Les États-Unis ont demandé à leurs ressortissants en Iran de quitter le pays immédiatement, dans un contexte d'escalade des troubles.

"Quittez l'Iran maintenant", a déclaré l'ambassade virtuelle de Téhéran, gérée par le département d'État, dans une alerte de sécurité diffusée lundi, invitant les Américains à planifier leur départ sans l'aide du gouvernement américain.

L'alerte fait état d'une escalade des manifestations, d'un risque de violence, d'arrestations, de perturbations de l'Internet et d'un renforcement des mesures de sécurité.

L'Iran ne reconnaissant pas la double nationalité et traitant les citoyens américains et iraniens ayant une double nationalité uniquement comme des ressortissants iraniens, le fait de montrer des liens avec les États-Unis pourrait conduire à la détention.

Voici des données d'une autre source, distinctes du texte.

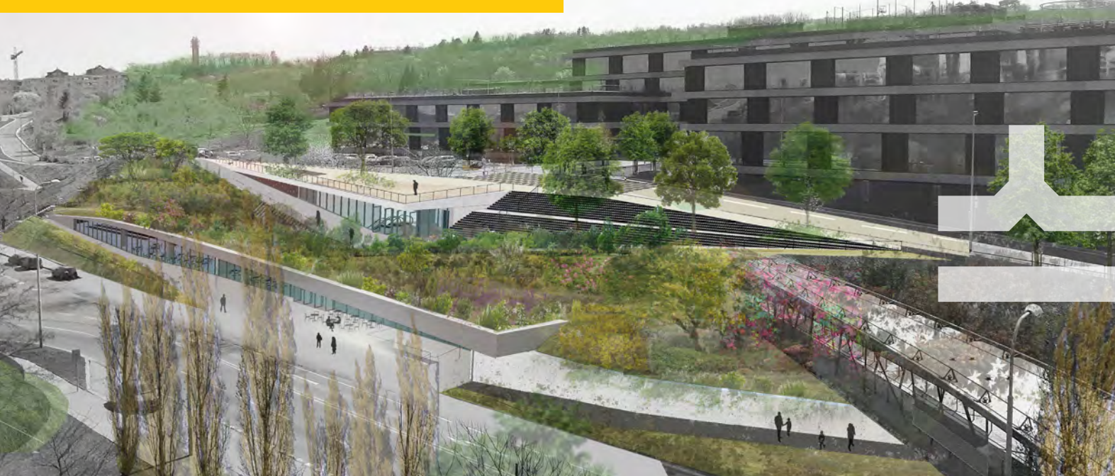
HOSPITAL PAVILION, Jilemnice 02/2025 - 12/2026

Il a été conseillé aux citoyens américains de quitter le pays par voie terrestre, notamment via l'Arménie ou la Turquie, s'ils peuvent le faire en toute sécurité. Ceux qui ne sont pas en mesure de partir ont été invités à rester dans des lieux sûrs, à éviter les manifestations, à faire profil bas et à s'assurer un accès à la nourriture, à l'eau et aux médicaments.

Les États-Unis n'ont pas de relations diplomatiques ou consulaires avec l'Iran. L'ambassade de Suisse à Téhéran joue le rôle de puissance protectrice des États-Unis en cas d'urgence.